> _THE DATA_:
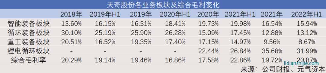 2022年上半年鋰電池循環(huán)板塊營業(yè)收入同比增長114.36%達到8.16億元,營收占比為39.33%(同期智能裝備板塊營收占比已降至34.21%),成為天奇股份第一大營收板塊,毛利貢獻更是達到率58.39%。
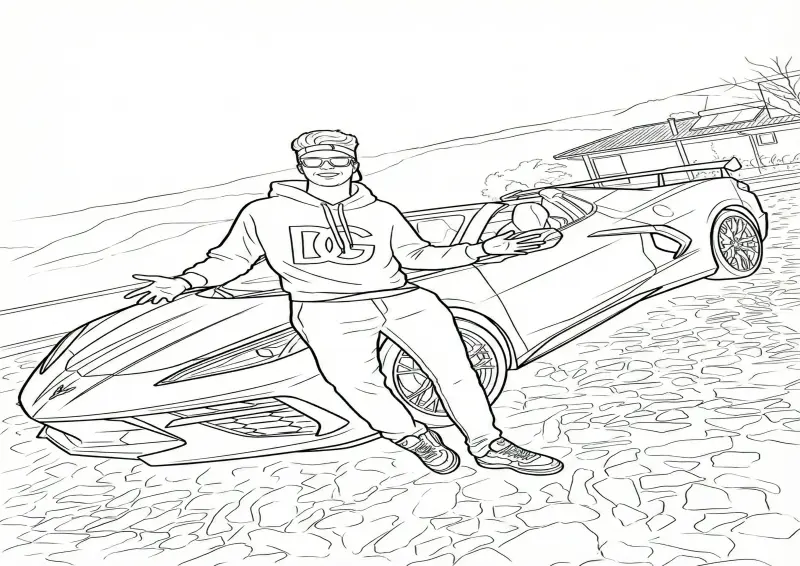 🤯EnaldinhoDesenho do Youtuber Enaldinho posando ao lado de seu famoso carro esportivo, um Corvette conversível. A imagem mostra Enaldinho encostado no capô do veículo com pose confiante, usando óculos escuros e moletom. O carro é representado com riqueza de detalhes, destacando as rodas esportivas, os faróis e o design aerodinâmico. O traço segue o estilo "outline" com linhas pretas nítidas e fundo branco, ideal para colorir tanto o personagem quanto o veículo.
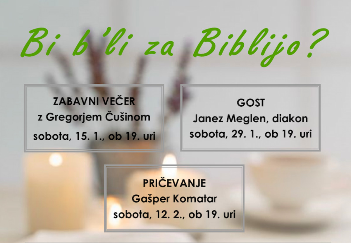 Ponovno se pripravljajo ZIMSKI VEČERI ZA MLADE, poznani tudi kot ČIPS VEČERI. Kot že vrsto let jih v Baragovem zavodu organizira Združenje animatorjev oratorija (ZAO) Novo mesto. Letos je v ospredju rdeča nit »SVETO PISMO.« Dobra vsebina in zanimivi gostje: igralec Gregor Čušin, diakon Janez Meglen, mladi pričevalec Gašper Komatar. Naslov v mladostnem izrazu pa se glasi: 'Bi b'li za Biblijo?'
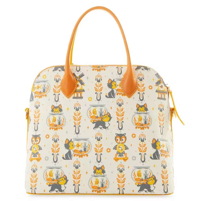 This delightful handbag by Dooney & Bourke is positively purrr-fect. It features an allover design inspired by Disney's animated classic Pinocchio with Figaro, Cleo, and Geppetto's clock and is finished with goldtone hardware and leather details

> _TASK BRIEF_: Strip out the pictures and repeat the listing above exactly.

> _WRITTEN RESPONSE_:
 2022年上半年鋰電池循環(huán)板塊營業(yè)收入同比增長114.36%達到8.16億元,營收占比為39.33%(同期智能裝備板塊營收占比已降至34.21%),成為天奇股份第一大營收板塊,毛利貢獻更是達到率58.39%。
 🤯EnaldinhoDesenho do Youtuber Enaldinho posando ao lado de seu famoso carro esportivo, um Corvette conversível. A imagem mostra Enaldinho encostado no capô do veículo com pose confiante, usando óculos escuros e moletom. O carro é representado com riqueza de detalhes, destacando as rodas esportivas, os faróis e o design aerodinâmico. O traço segue o estilo "outline" com linhas pretas nítidas e fundo branco, ideal para colorir tanto o personagem quanto o veículo.
 Ponovno se pripravljajo ZIMSKI VEČERI ZA MLADE, poznani tudi kot ČIPS VEČERI. Kot že vrsto let jih v Baragovem zavodu organizira Združenje animatorjev oratorija (ZAO) Novo mesto. Letos je v ospredju rdeča nit »SVETO PISMO.« Dobra vsebina in zanimivi gostje: igralec Gregor Čušin, diakon Janez Meglen, mladi pričevalec Gašper Komatar. Naslov v mladostnem izrazu pa se glasi: 'Bi b'li za Biblijo?'
 This delightful handbag by Dooney & Bourke is positively purrr-fect. It features an allover design inspired by Disney's animated classic Pinocchio with Figaro, Cleo, and Geppetto's clock and is finished with goldtone hardware and leather details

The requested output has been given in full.